The company attributes its hiring from India to availability of skilled talent.
“So they are really looking for optimization of the right skills, because a big part of why people use India is skills-related, right? 10 years ago, it was labor arbitrage, right? Today, the issue is the ability to acquire those skills at scale.” Accenture Chief Executive Officer Julie Sweet said during the company’s post-earnings news conference while fielding questions about customers who want employees to work from their locations.

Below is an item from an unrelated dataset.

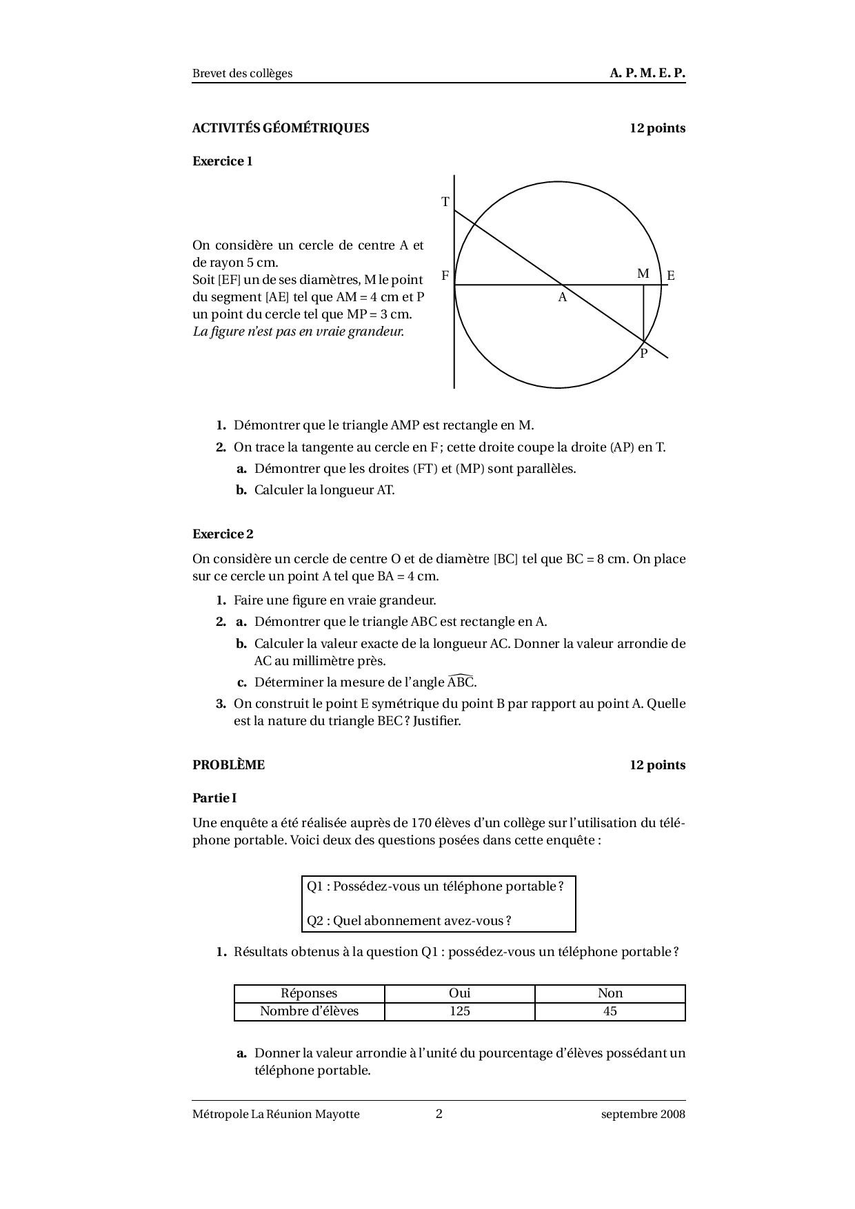Brevet Maths Métropole La Réunion septembre 2008 - Sujet

While Sweet considers India’s talent pool to be highly skilled, placement officials at the country’s engineering colleges, which provide labor to these companies, stress that there is a growing demand for such highly skilled talent.
Sridhar KS, director of placement and training at PES University, Bengaluru, said: “Companies today prefer to hire students who are proficient in technologies such as artificial intelligence, machine learning and data analytics as these technologies can be used in various fields across different fields.”
A second placement officer said there has been an increase in demand for skilled graduates.
“Now, these companies are asking us for technical talent more than in the past because there are a lot of new technologies,” said Ranganath D, internship dean, RV College of Engineering, Bengaluru. “Today, companies need students who are proficient in artificial intelligence, data analytics and machines. study, we encourage our students to take such courses.”